Task: Would you print the listing that follows exactly, but without its pictures?

Information shown:
▽
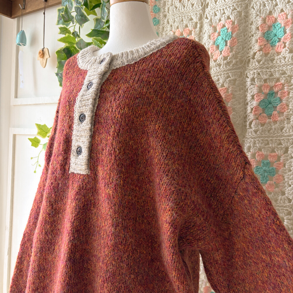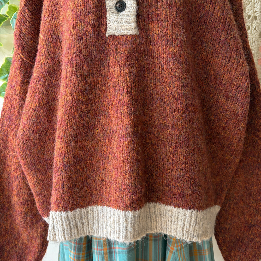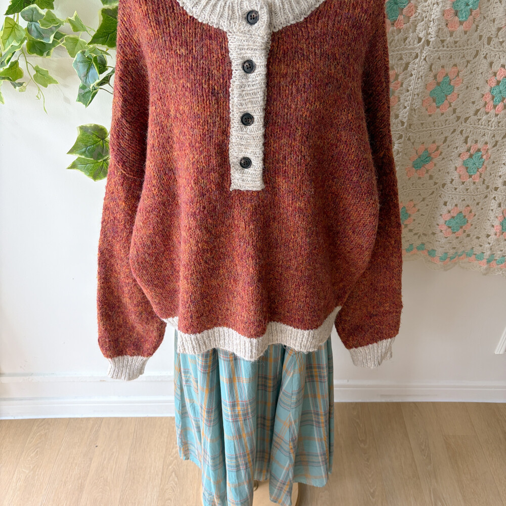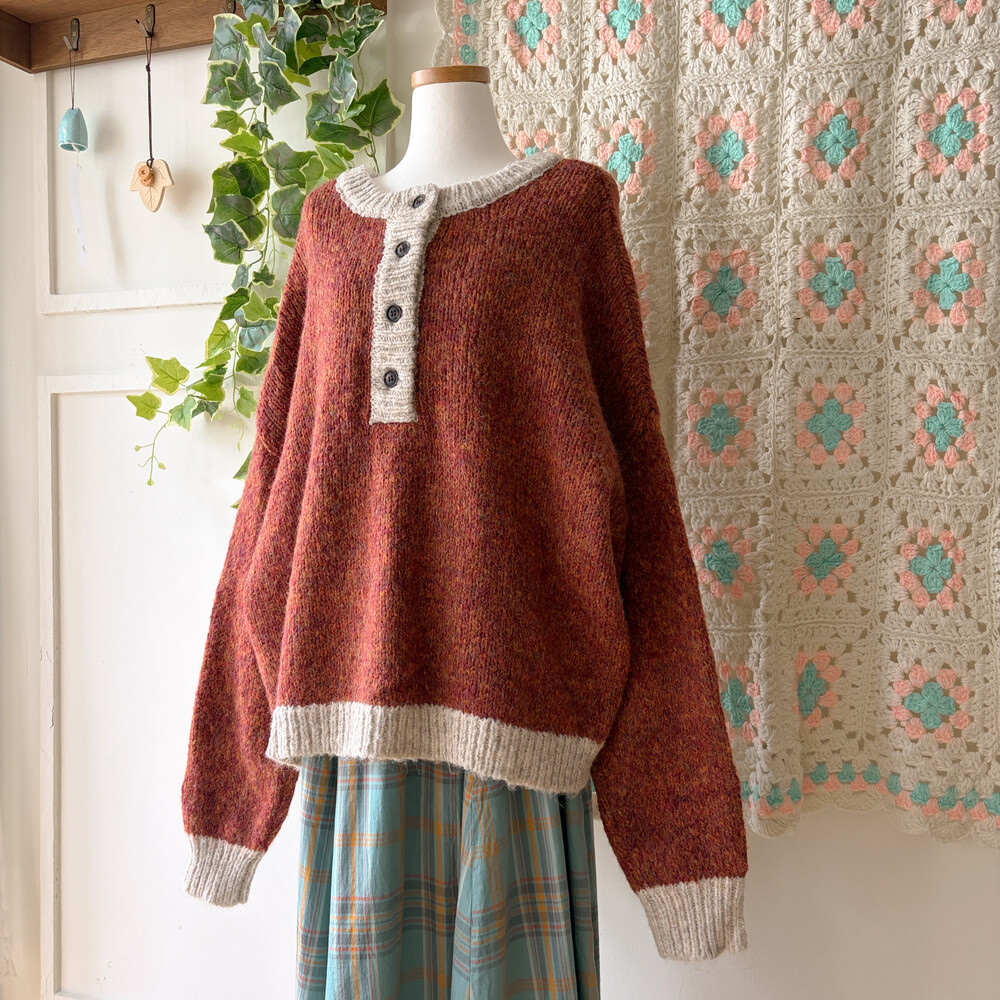 orange brown mix 4button oversize knit
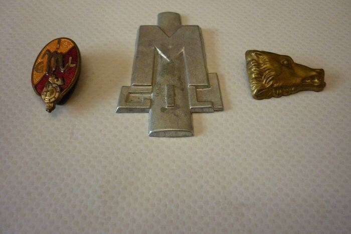 Kavel bestaande uit 3 originele badges van de Nationale Fascistische Partij, Italiaanse Jeugd van de Littorio:
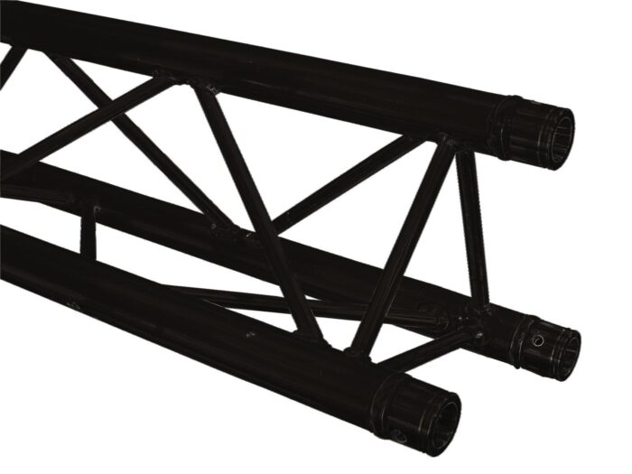 TRILOCK 6082 3-point truss systemTRILOCK 6082 is a 3-point truss system made of aluminum. The individual elements are connected via three cones, pivots and pins. TRILOCK 6082 is made of EN-AW 6082 T6 (AlMgSi1 T6) alloy for even higher loads. The advantage of the conical connection system is that the cones completely fit into the main chords so that highest load capacity is guaranteed. The Quick-Lock system enables fast, efficient and highly aesthetic assembly when the truss constructions are frequently assembled and dismantled. The three main chords are made of 50 mm aluminum tube with 2 mm wall thickness and offer a good relation between strength and weight. The braces have a diameter of 16 mm with 2 mm wall thickness and leave enough space for installing couplers, hooks and clamps. With 290 and 257 mm outer dimensions, TRILOCK QTTR is a stable truss system for higher loads and extended durability. This system is mainly designed for intense use in stage installations, fair installations, event installations but also for permanent installations in discotheques and theatres. Its polished surface makes this universal system a real eyecatcher. Due to its wide range of standard system lengths, corners, circles and accessory, this system is highly versatile and offers unlimited design possibilities. The production of this truss system is TUV-monitored. The load table as calculation base can be downloaded from the Internet before buying the product!
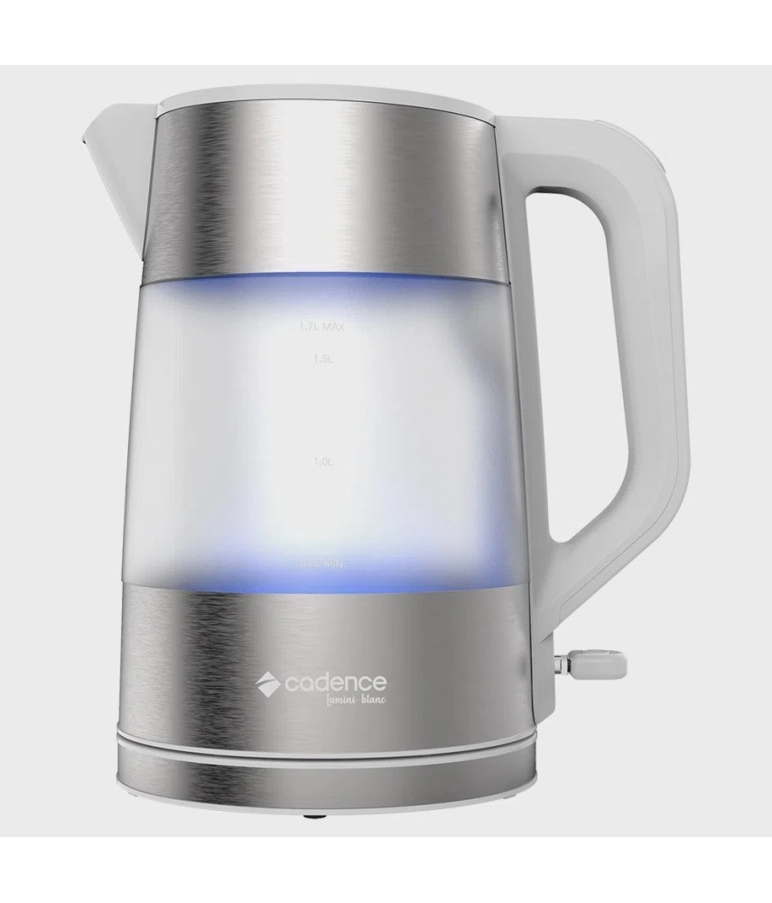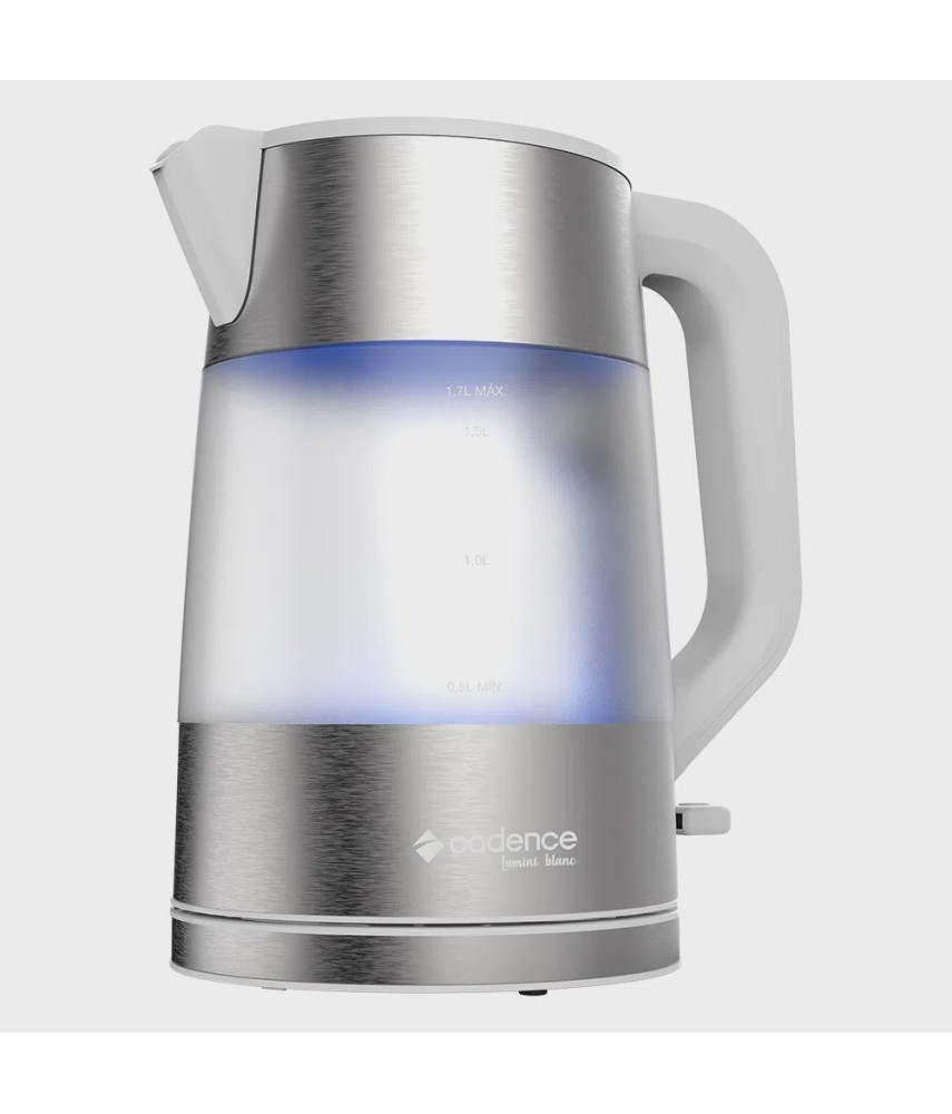 Com grande capacidade de 1,7L, permite que aqueça água para preparar apenas um chá, ou ferva água para adiantar o preparo de sopas e legumes, leds no corpo da chaleira e acabamento em inox: resistente, higiênica e durável.
△
Answer to the exercise:
 orange brown mix 4button oversize knit
 Kavel bestaande uit 3 originele badges van de Nationale Fascistische Partij, Italiaanse Jeugd van de Littorio:
 TRILOCK 6082 3-point truss systemTRILOCK 6082 is a 3-point truss system made of aluminum. The individual elements are connected via three cones, pivots and pins. TRILOCK 6082 is made of EN-AW 6082 T6 (AlMgSi1 T6) alloy for even higher loads. The advantage of the conical connection system is that the cones completely fit into the main chords so that highest load capacity is guaranteed. The Quick-Lock system enables fast, efficient and highly aesthetic assembly when the truss constructions are frequently assembled and dismantled. The three main chords are made of 50 mm aluminum tube with 2 mm wall thickness and offer a good relation between strength and weight. The braces have a diameter of 16 mm with 2 mm wall thickness and leave enough space for installing couplers, hooks and clamps. With 290 and 257 mm outer dimensions, TRILOCK QTTR is a stable truss system for higher loads and extended durability. This system is mainly designed for intense use in stage installations, fair installations, event installations but also for permanent installations in discotheques and theatres. Its polished surface makes this universal system a real eyecatcher. Due to its wide range of standard system lengths, corners, circles and accessory, this system is highly versatile and offers unlimited design possibilities. The production of this truss system is TUV-monitored. The load table as calculation base can be downloaded from the Internet before buying the product!
 Com grande capacidade de 1,7L, permite que aqueça água para preparar apenas um chá, ou ferva água para adiantar o preparo de sopas e legumes, leds no corpo da chaleira e acabamento em inox: resistente, higiênica e durável.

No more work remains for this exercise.